--- Input for this task ---
————————

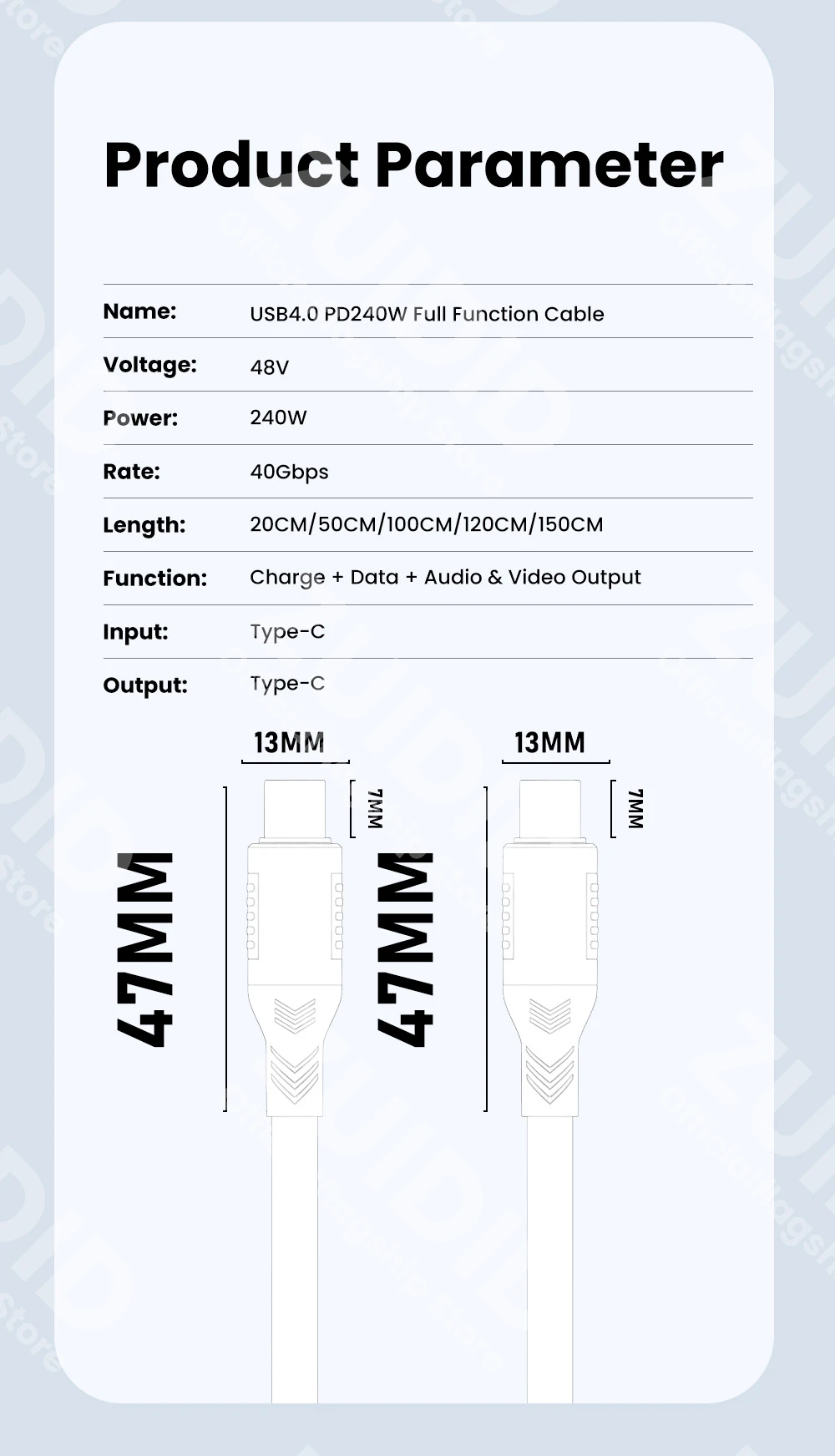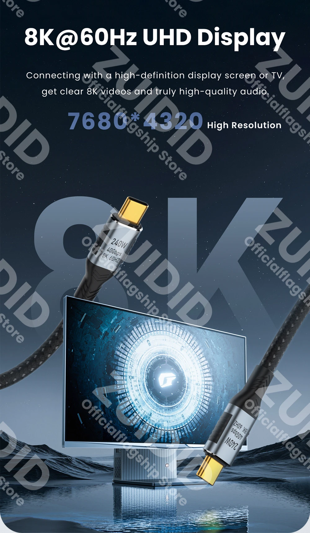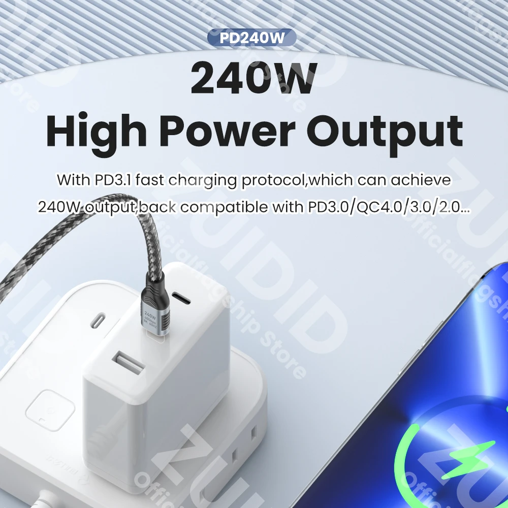 Comprar Cable de carga rápida PD240W USB4.0 40gbps tipo C a C PD3.1/QC4.0/3,0 8K @ 60Hz para PS5 Nintendo Switch Galaxy S22 MacBook Pro
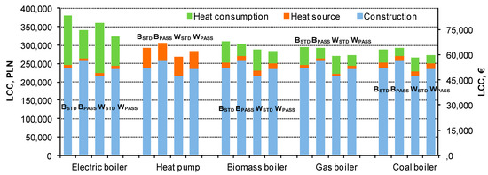 The most advantageous solution in terms of the overall (construction + heat source) valuation was a standard wooden house WSTD with a coal boiler. Brick houses generate higher costs compared to wooden houses (Figure 6), with a similar tendency in each variant; this was independent of the heat source. For example, when considering the BSTD and WSTD buildings with an electric boiler, the LCC value was about 5% higher for the BSTD; this was mainly due to the higher construction costs in this case. The largest share of the construction costs in the total LCC was calculated for the BPASS and WPASS buildings. The costs incurred in erecting a BPASS building with a coal or gas boiler accounted for 88% of the total LCC (87% for the WPASS). The higher the requirements for thermal insulation that are imposed on the buildings, the higher the share of the cost of the building’s construction in the LCC. This is due to the higher costs of the materials, but also the reduced operating costs for heating (lower heat demand due to the improvement of the insulation parameters).
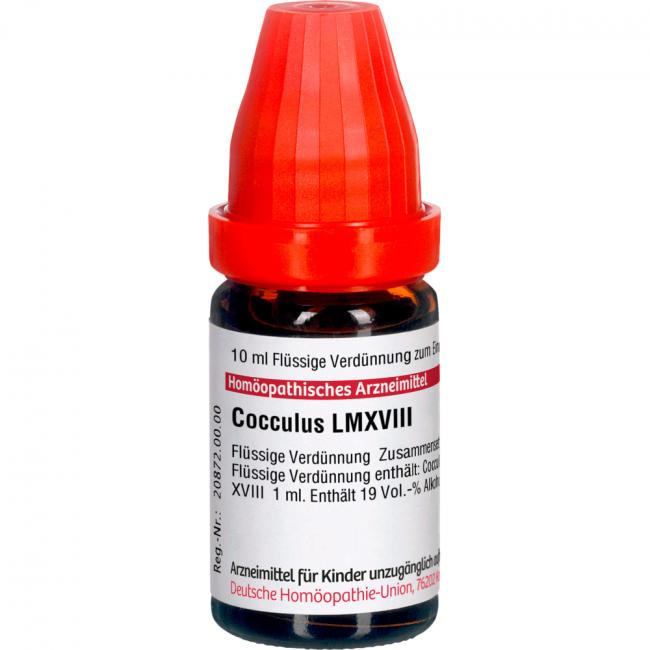 LM Cocculus XVIII. Anwendungsgebiete: Registriertes homöopathisches Arzneimittel, daher ohne Angabe einer therapeutischen Indikation. Warnhinweis: Enthält 19 Vol.% Alkohol.
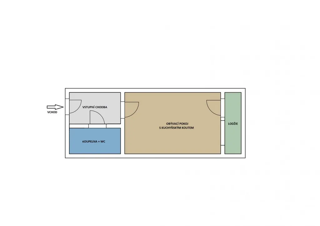 Dispozice bytu: vstupní chodba, obývací pokoj s kuchyňským koutem, koupelna se sprchovým koutem a wc, lodžie. Okna bytu jsou orientována na východ.
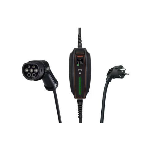 Dirija com a OSRAM rumo a um futuro mais livre de emissões Descubra o mundo da condução elétrica com a OSRAM. Carregue o seu veículo totalmente elétrico ou híbrido plug-in tipo 2 a partir de qualquer unidade ou estação de carregamento de 32 A (monofásico) equipada com um ponto de ligação tipo 2. O cabo de carregamento está equipado com pegas ergonómicas para um manuseamento ideal e tem um comprimento de cabo de 5 metros. É adequado para utilização em estações de carregamento públicas e em casa. Além disso, os cabos de carregamento estão equipados com tampas de proteção contra poeiras e testados quanto à resistência à água de acordo com IP65 e resistência a choques de acordo com IK10. Mesmo quando ligados, os pontos de contacto elétricos estão protegidos contra a entrada de pó e salpicos de água de acordo com IP65 e IK10. O âmbito de fornecimento inclui também uma bolsa de armazenamento durável e compacta para guardar o cabo de forma organizada após o carregamento. Além disso, o produto possui certificação TUV e CE e inclui uma garantia de 2 anos.
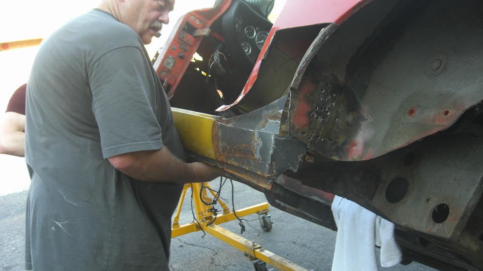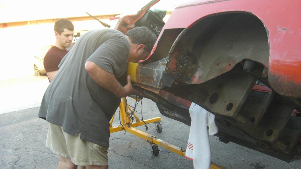 The club project car was getting some more cutting and grinding to remove more metal to clear space for a replacement body sill.

————————

--- What the task asks ---
Set the pictures aside and reproduce exactly the lines above, from the line holding "LM Cocculus XVIII." through the line holding "Dispozice bytu: vstupní", both included, with nothing else.

--- Solution to this exercise ---
 LM Cocculus XVIII. Anwendungsgebiete: Registriertes homöopathisches Arzneimittel, daher ohne Angabe einer therapeutischen Indikation. Warnhinweis: Enthält 19 Vol.% Alkohol.
 Dispozice bytu: vstupní chodba, obývací pokoj s kuchyňským koutem, koupelna se sprchovým koutem a wc, lodžie. Okna bytu jsou orientována na východ.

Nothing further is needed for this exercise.